Recent institutional commentary collected through January 28, 2026 tilts cautiously bullish, with the majority of views highlighting resilient execution despite margin pressure and signaling potential upside if crush and merchandising conditions remain constructive. Several well-followed sell-side teams point to revenue momentum and EBIT durability into the fourth quarter, emphasizing that the company’s risk controls and diversified origination footprint provide insulation against acute commodity shocks. Where caution appears, it is typically centered on the forecasted year-over-year EPS decline of 18.14%, reflecting the difficulty of reproducing prior-period margin peaks and the thin net profit margin base. In aggregate, the dominant view expects revenue to meet or slightly exceed consensus with EBIT roughly in line, while EPS could track the midpoint of expectations given cost controls and a balanced segment mix.

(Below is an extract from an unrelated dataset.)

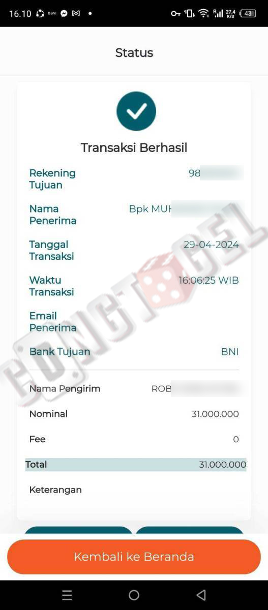 Dibawah ini merupakan bukti transfer pembayaran JP kemenangan member CONGTOGEL. Ini membuktikan jika kami adalah bandar togel yang sangat kredible dan dapat dipercaya.

Disclaimer: Investing carries risk. This is not financial advice. The above content should not be regarded as an offer, recommendation, or solicitation on acquiring or disposing of any financial products, any associated discussions, comments, or posts by author or other users should not be considered as such either. It is solely for general information purpose only, which does not consider your own investment objectives, financial situations or needs. TTM assumes no responsibility or warranty for the accuracy and completeness of the information, investors should do their own research and may seek professional advice before investing.